De Kennisgroep successiewet heeft een standpunt gepubliceerd over de bedrijfsopvolgingsregeling (BOR) en de gevolgen van een splitsing voor het bezitsvereiste voor de BOR en het voortzettingsvereiste voor de BOR. Een splitsing kan van invloed zijn op de bezitstermijn en het voortzettingsvereiste.

In de casus gaat het om aandeelhouders X en Y die via hun persoonlijke holding, X bv en Y bv, een belang van 50% houden in tussenholding, TH bv. TH bv bezit alle aandelen in G bv en F bv. Door de toerekeningsregel van art. 35c lid 5 SW 1956 drijven X bv en Y bv voor de BOR elk voor 50% de ondernemingsactiviteiten in G bv en F bv. Door middel van een ruziesplitsing wordt TH bv gesplitst in THX bv en THY bv. THX bv verkrijgt alle aandelen in G bv en THY bv alle aandelen in F bv. X bv houdt na de splitsing alle aandelen in THX bv en Y bv alle aandelen in THY bv.

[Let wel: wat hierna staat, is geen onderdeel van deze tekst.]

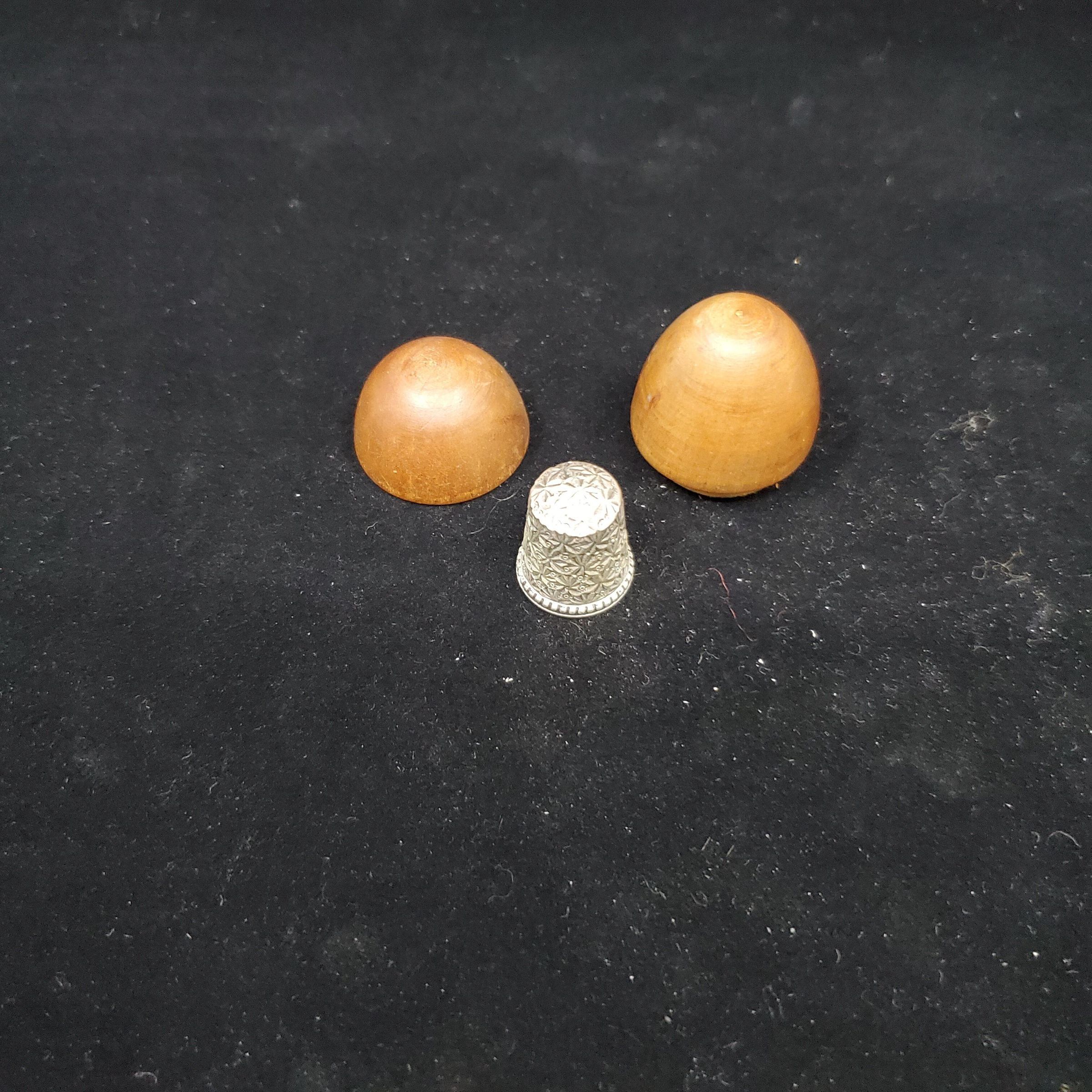 Egg shaped light brown wooden case - probably walnut. Pull off top. Nicely marked. Thimble - Silver thimble with band of raised dots at rim. Slightly rounded top. All over pattern of leaves and daisy like flowers with small circles and radiating lines. Inside top the Ketcham and McDougal logo , 8 (size) and Sterling.

Als door een splitsing een groter gedeelte van een onderneming wordt toegerekend aan de vennootschap, waarvan de aandelen worden verkregen, vangt voor dat deel een nieuwe bezitstermijn aan. Het feit dat door de splitsing een belang in een onderneming wordt geruild voor een belang in een andere toegerekende onderneming doet daar niet aan af. Ook wordt door de splitsing deels niet voldaan aan het voortzettingsvereiste als door de splitsing een kleiner gedeelte wordt toegerekend aan de vennootschap. Ook hier is dit niet anders als een belang is geruild voor een ander belang.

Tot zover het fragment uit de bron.